══ Records for this exercise

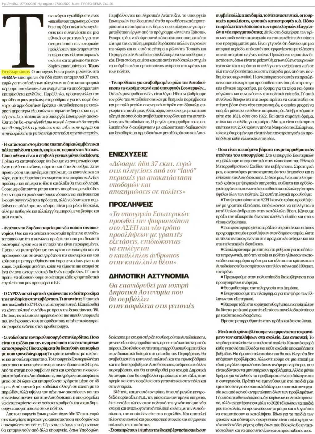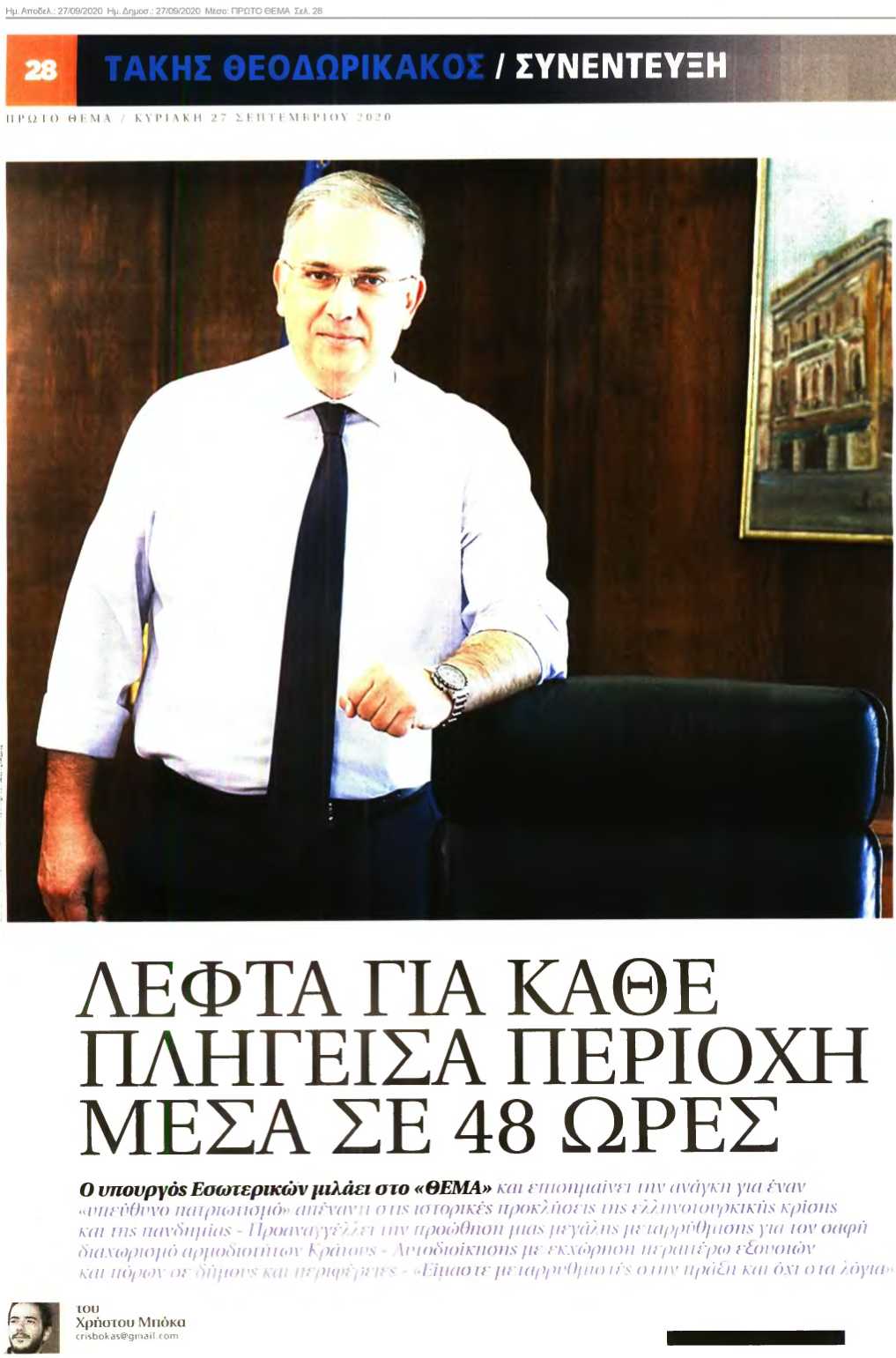 Ολόκληρη η συνέντευξη του υπουργού Εσωτερικών Τάκη Θεοδωρικάκου στο «Πρώτο Θέμα», στον δημοσιογράφο Χρήστο Μπόκα
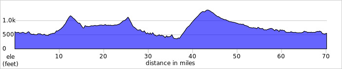 The climb was now starting, all the way up to almost 1200ft and into a 20mph headwind! Eventually I reached the summit and enjoyed a nice descent into the valley, the wind was really blowing up here and I didn't even manage 30mph on the descent!
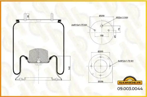 090030044 SONDER Пневморессора Premium со стаканом (металл) (2 шп. М12мм,1 отв. М22х1.5мм) — 3 го
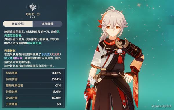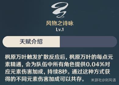 3.【风物之诗咏】增伤核心天赋,触发扩散反应时,队伍获得元素伤害加成【水/火/冰/雷元素】,可以同时触发多种元素伤加成。1000点精通转化40%元素伤害加成。由此看出,万叶主要是提升元素精通属性。这个增伤再加上【翠绿】圣遗物的40%减抗,至少可以给主C提升60%伤害以上。
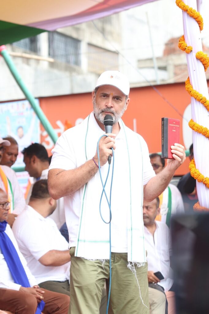 जनता से सीधा संवाद करते हुए राहुल गांधी ने कहा कि संविधान ने उन्हें अधिकार दिए हैं, लेकिन भाजपा इन्हें छीनना चाहती है. उन्होंने कहा कि बिहारमें मतदाता सूची से गरीब, किसान, दलित, पिछड़े, अल्पसंख्यक और अति पिछड़े वर्गों के 65 लाख लोगों के नाम काटे गए हैं लेकिन एक भी अमीरव्यक्ति का नाम नहीं कटा है. उन्होंने जनता को आगाह किया कि अगर वोट चला जाएगा तो उनके राशन कार्ड, जमीन और बाकी सारे अधिकार भीछिन जाएंगे. उन्होंने ये आरोप दोहराया कि भाजपा सरकार देश का पूरा धन अडानी-अंबानी को सौंप रही है.
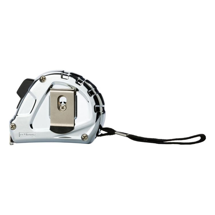 Flexómetro de 3 metros, de plástico brillante con freno y clip. Sistema métrico en centímetros.
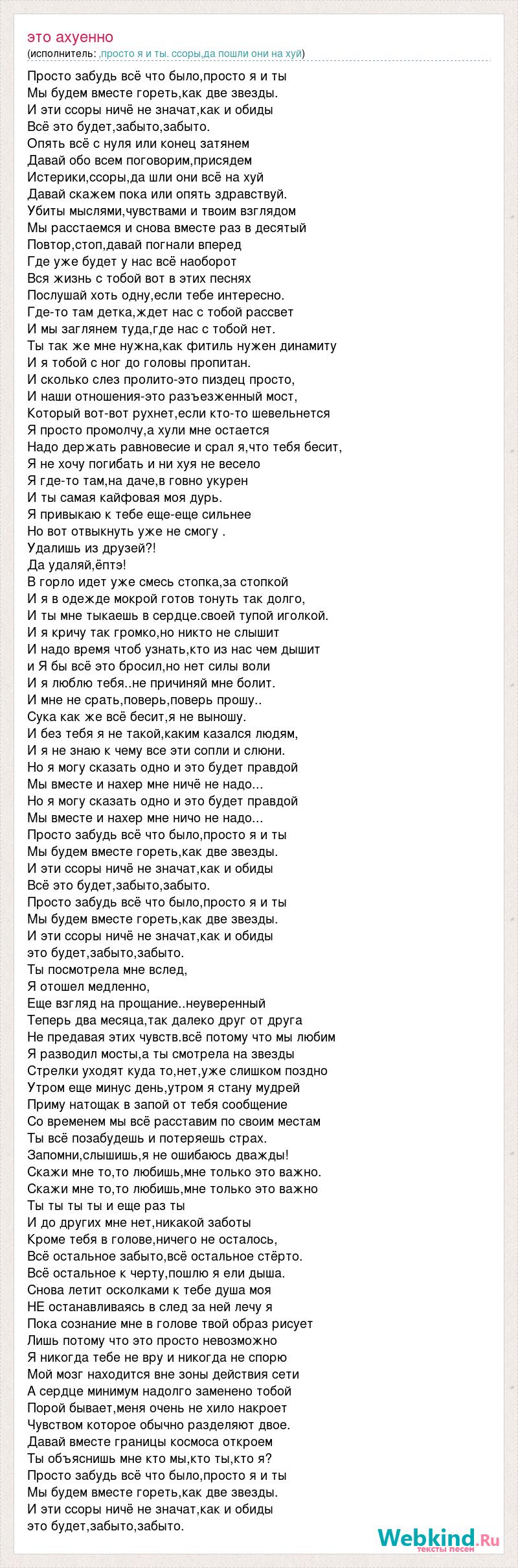 Просто забудь всё что было,просто я и ты Мы будем вместе гореть,как две звезды. И эти ссоры ничё не значат,как и обиды Всё это будет,забыто,забыто. Опять всё с нуля или конец затянем Давай обо всем поговорим,присядем Истерики,ссоры,да шли они всё на хуй Давай скажем пока или опять здравствуй. Убиты мыслями,чувствами и твоим взглядом Мы расстаемся и снова вместе раз в десятый Повтор,стоп,давай погнали вперед Где уже будет у нас всё наоборот Вся жизнь с тобой вот в этих песнях Послушай хоть одну,если тебе интересно. Где-то там детка,ждет нас с тобой рассвет И мы заглянем туда,где нас с тобой нет. Ты так же мне нужна,как фитиль нужен динамиту И я тобой с ног до головы пропитан. И сколько слез пролито-это пиздец просто, И наши отношения-это разъезженный мост, Который вот-вот рухнет,если кто-то шевельнется Я просто промолчу,а хули мне остается Надо держать равновесие и срал я,что тебя бесит, Я не хочу погибать и ни хуя не весело Я где-то там,на даче,в говно укурен И ты самая кайфовая моя дурь. Я привыкаю к тебе еще-еще сильнее Но вот отвыкнуть уже не смогу . Удалишь из друзей?! Да удаляй,ёптэ! В горло идет уже смесь стопка,за стопкой И я в одежде мокрой готов тонуть так долго, И ты мне тыкаешь в сердце.своей тупой иголкой. И я кричу так громко,но никто не слышит И надо время чтоб узнать,кто из нас чем дышит и Я бы всё это бросил,но нет силы воли И я люблю тебя..не причиняй мне болит. И мне не срать,поверь,поверь прошу.. Сука как же всё бесит,я не выношу. И без тебя я не такой,каким казался людям, И я не знаю к чему все эти сопли и слюни. Но я могу сказать одно и это будет правдой Мы вместе и нахер мне ничё не надо... Но я могу сказать одно и это будет правдой Мы вместе и нахер мне ничо не надо... Просто забудь всё что было,просто я и ты Мы будем вместе гореть,как две звезды. И эти ссоры ничё не значат,как и обиды Всё это будет,забыто,забыто. Просто забудь всё что было,просто я и ты Мы будем вместе гореть,как две звезды. И эти ссоры ничё не значат,как и обиды это будет,забыто,забыто. Ты посмотрела мне вслед, Я отошел медленно, Еще взгляд на прощание..неуверенный Теперь два месяца,так далеко друг от друга Не предавая этих чувств.всё потому что мы любим Я разводил мосты,а ты смотрела на звезды Стрелки уходят куда то,нет,уже слишком поздно Утром еще минус день,утром я стану мудрей Приму натощак в запой от тебя сообщение Со временем мы всё расставим по своим местам Ты всё позабудешь и потеряешь страх. Запомни,слышишь,я не ошибаюсь дважды! Скажи мне то,то любишь,мне только это важно. Скажи мне то,то любишь,мне только это важно Ты ты ты ты и еще раз ты И до других мне нет,никакой заботы Кроме тебя в голове,ничего не осталось, Всё остальное забыто,всё остальное стёрто. Всё остальное к черту,пошлю я ели дыша. Снова летит осколками к тебе душа моя НЕ останавливаясь в след за ней лечу я Пока сознание мне в голове твой образ рисует Лишь потому что это просто невозможно Я никогда тебе не вру и никогда не спорю Мой мозг находится вне зоны действия сети А сердце минимум надолго заменено тобой Порой бывает,меня очень не хило накроет Чувством которое обычно разделяют двое. Давай вместе границы космоса откроем Ты объяснишь мне кто мы,кто ты,кто я? Просто забудь всё что было,просто я и ты Мы будем вместе гореть,как две звезды. И эти ссоры ничё не значат,как и обиды это будет,забыто,забыто.
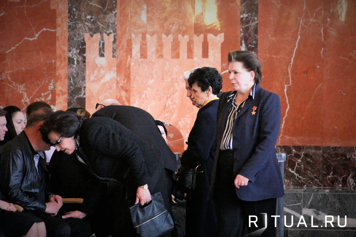 В главном пантеоне воинской и гражданской славы России с Виктором Горбатко простились родственники, друзья, коллеги по цеху космонавтов прошлых и нынешних времен, среди которых была первая женщина-космонавт Валентина Терешкова. Присутствовали представители Минобороны РФ и Роскосмоса, дочь конструктора Сергея Королева Наталья Королева.
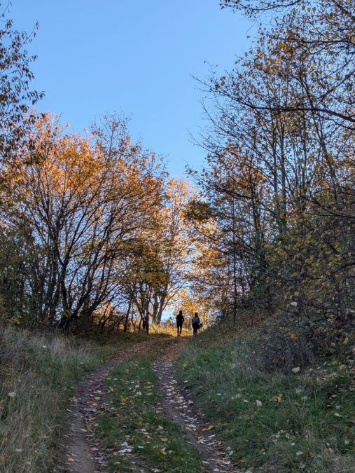 La câteva minute după ora stabilită pentru întâlnire, grupul strâns în jurul Ancăi pornește pe drumul către pădure. Casele orașului rămân repede în urmă, în timp ce, în față, se deschide un drum forestier care șerpuiește printre arborii înveliți în frunzișul pastelat al toamnei.
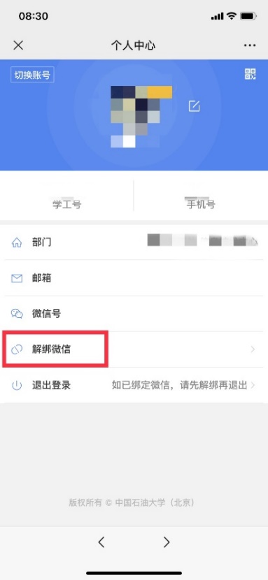 第一步:进入微信企业号,找到微校园助手,进行当前登录身份解绑:进入微校园助手,点击用户注册,选择解绑微信,清除账号在企业号上的缓存。
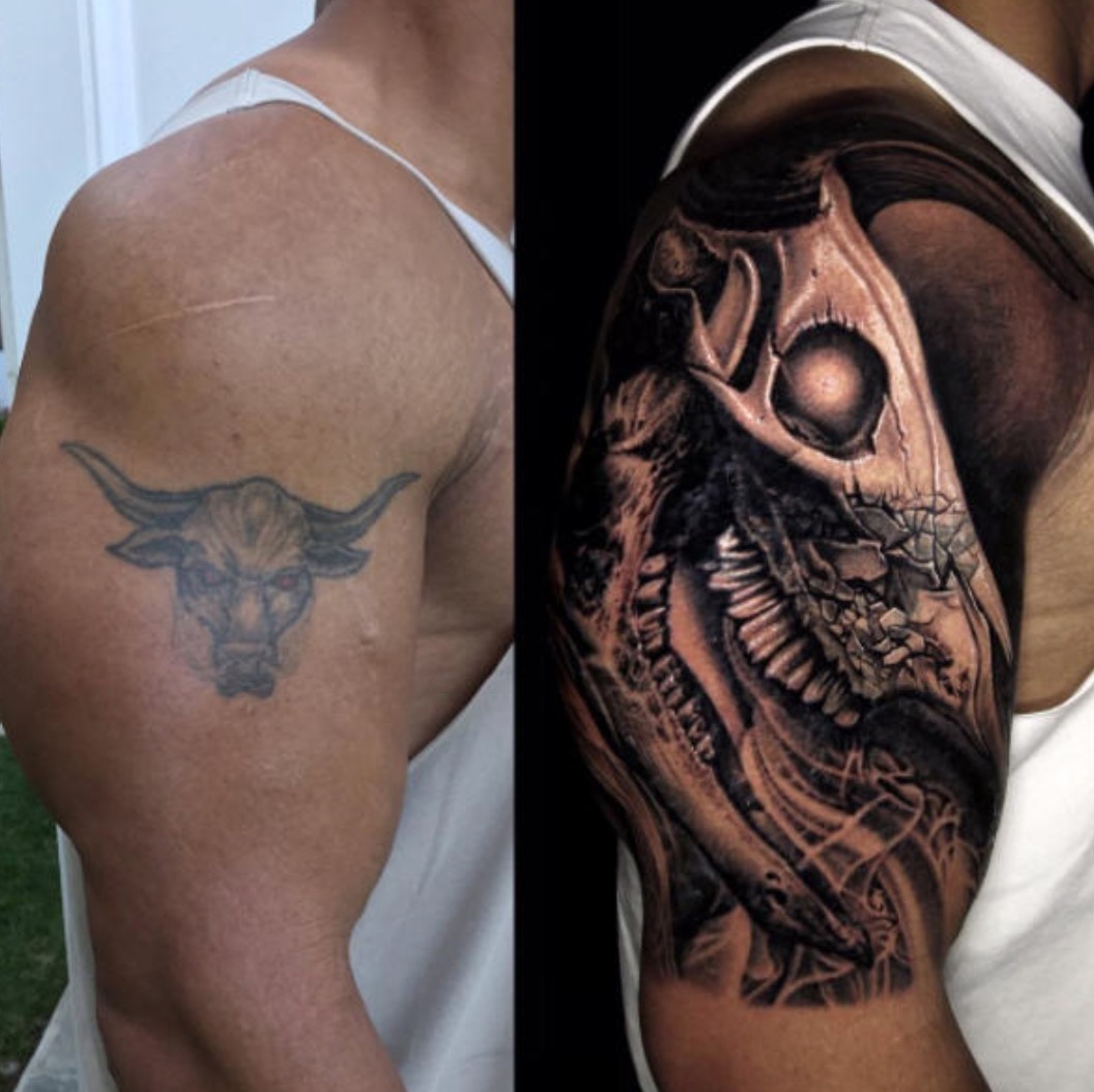 日前巨石强森就在instagram贴出一系列刺青照,找来美国知名师傅Yomico Moreno将原本手臂上的小公牛纹身进行大改造,据悉这个刺青源自于他在WWE的昵称The Brahma Bull ,象征着力量、心灵、反抗,总共花费将近30小时的时间,才将小公牛覆盖,进化成一头巨大猛兽大公牛图案,显得阳刚又霸气!

════

### Description of the task
Print the material above once more, exactly, minus the pictures.

### Task output
 Ολόκληρη η συνέντευξη του υπουργού Εσωτερικών Τάκη Θεοδωρικάκου στο «Πρώτο Θέμα», στον δημοσιογράφο Χρήστο Μπόκα
 The climb was now starting, all the way up to almost 1200ft and into a 20mph headwind! Eventually I reached the summit and enjoyed a nice descent into the valley, the wind was really blowing up here and I didn't even manage 30mph on the descent!
 090030044 SONDER Пневморессора Premium со стаканом (металл) (2 шп. М12мм,1 отв. М22х1.5мм) — 3 го
 3.【风物之诗咏】增伤核心天赋,触发扩散反应时,队伍获得元素伤害加成【水/火/冰/雷元素】,可以同时触发多种元素伤加成。1000点精通转化40%元素伤害加成。由此看出,万叶主要是提升元素精通属性。这个增伤再加上【翠绿】圣遗物的40%减抗,至少可以给主C提升60%伤害以上。
 जनता से सीधा संवाद करते हुए राहुल गांधी ने कहा कि संविधान ने उन्हें अधिकार दिए हैं, लेकिन भाजपा इन्हें छीनना चाहती है. उन्होंने कहा कि बिहारमें मतदाता सूची से गरीब, किसान, दलित, पिछड़े, अल्पसंख्यक और अति पिछड़े वर्गों के 65 लाख लोगों के नाम काटे गए हैं लेकिन एक भी अमीरव्यक्ति का नाम नहीं कटा है. उन्होंने जनता को आगाह किया कि अगर वोट चला जाएगा तो उनके राशन कार्ड, जमीन और बाकी सारे अधिकार भीछिन जाएंगे. उन्होंने ये आरोप दोहराया कि भाजपा सरकार देश का पूरा धन अडानी-अंबानी को सौंप रही है.
 Flexómetro de 3 metros, de plástico brillante con freno y clip. Sistema métrico en centímetros.
 Просто забудь всё что было,просто я и ты Мы будем вместе гореть,как две звезды. И эти ссоры ничё не значат,как и обиды Всё это будет,забыто,забыто. Опять всё с нуля или конец затянем Давай обо всем поговорим,присядем Истерики,ссоры,да шли они всё на хуй Давай скажем пока или опять здравствуй. Убиты мыслями,чувствами и твоим взглядом Мы расстаемся и снова вместе раз в десятый Повтор,стоп,давай погнали вперед Где уже будет у нас всё наоборот Вся жизнь с тобой вот в этих песнях Послушай хоть одну,если тебе интересно. Где-то там детка,ждет нас с тобой рассвет И мы заглянем туда,где нас с тобой нет. Ты так же мне нужна,как фитиль нужен динамиту И я тобой с ног до головы пропитан. И сколько слез пролито-это пиздец просто, И наши отношения-это разъезженный мост, Который вот-вот рухнет,если кто-то шевельнется Я просто промолчу,а хули мне остается Надо держать равновесие и срал я,что тебя бесит, Я не хочу погибать и ни хуя не весело Я где-то там,на даче,в говно укурен И ты самая кайфовая моя дурь. Я привыкаю к тебе еще-еще сильнее Но вот отвыкнуть уже не смогу . Удалишь из друзей?! Да удаляй,ёптэ! В горло идет уже смесь стопка,за стопкой И я в одежде мокрой готов тонуть так долго, И ты мне тыкаешь в сердце.своей тупой иголкой. И я кричу так громко,но никто не слышит И надо время чтоб узнать,кто из нас чем дышит и Я бы всё это бросил,но нет силы воли И я люблю тебя..не причиняй мне болит. И мне не срать,поверь,поверь прошу.. Сука как же всё бесит,я не выношу. И без тебя я не такой,каким казался людям, И я не знаю к чему все эти сопли и слюни. Но я могу сказать одно и это будет правдой Мы вместе и нахер мне ничё не надо... Но я могу сказать одно и это будет правдой Мы вместе и нахер мне ничо не надо... Просто забудь всё что было,просто я и ты Мы будем вместе гореть,как две звезды. И эти ссоры ничё не значат,как и обиды Всё это будет,забыто,забыто. Просто забудь всё что было,просто я и ты Мы будем вместе гореть,как две звезды. И эти ссоры ничё не значат,как и обиды это будет,забыто,забыто. Ты посмотрела мне вслед, Я отошел медленно, Еще взгляд на прощание..неуверенный Теперь два месяца,так далеко друг от друга Не предавая этих чувств.всё потому что мы любим Я разводил мосты,а ты смотрела на звезды Стрелки уходят куда то,нет,уже слишком поздно Утром еще минус день,утром я стану мудрей Приму натощак в запой от тебя сообщение Со временем мы всё расставим по своим местам Ты всё позабудешь и потеряешь страх. Запомни,слышишь,я не ошибаюсь дважды! Скажи мне то,то любишь,мне только это важно. Скажи мне то,то любишь,мне только это важно Ты ты ты ты и еще раз ты И до других мне нет,никакой заботы Кроме тебя в голове,ничего не осталось, Всё остальное забыто,всё остальное стёрто. Всё остальное к черту,пошлю я ели дыша. Снова летит осколками к тебе душа моя НЕ останавливаясь в след за ней лечу я Пока сознание мне в голове твой образ рисует Лишь потому что это просто невозможно Я никогда тебе не вру и никогда не спорю Мой мозг находится вне зоны действия сети А сердце минимум надолго заменено тобой Порой бывает,меня очень не хило накроет Чувством которое обычно разделяют двое. Давай вместе границы космоса откроем Ты объяснишь мне кто мы,кто ты,кто я? Просто забудь всё что было,просто я и ты Мы будем вместе гореть,как две звезды. И эти ссоры ничё не значат,как и обиды это будет,забыто,забыто.
 В главном пантеоне воинской и гражданской славы России с Виктором Горбатко простились родственники, друзья, коллеги по цеху космонавтов прошлых и нынешних времен, среди которых была первая женщина-космонавт Валентина Терешкова. Присутствовали представители Минобороны РФ и Роскосмоса, дочь конструктора Сергея Королева Наталья Королева.
 La câteva minute după ora stabilită pentru întâlnire, grupul strâns în jurul Ancăi pornește pe drumul către pădure. Casele orașului rămân repede în urmă, în timp ce, în față, se deschide un drum forestier care șerpuiește printre arborii înveliți în frunzișul pastelat al toamnei.
 第一步:进入微信企业号,找到微校园助手,进行当前登录身份解绑:进入微校园助手,点击用户注册,选择解绑微信,清除账号在企业号上的缓存。
 日前巨石强森就在instagram贴出一系列刺青照,找来美国知名师傅Yomico Moreno将原本手臂上的小公牛纹身进行大改造,据悉这个刺青源自于他在WWE的昵称The Brahma Bull ,象征着力量、心灵、反抗,总共花费将近30小时的时间,才将小公牛覆盖,进化成一头巨大猛兽大公牛图案,显得阳刚又霸气!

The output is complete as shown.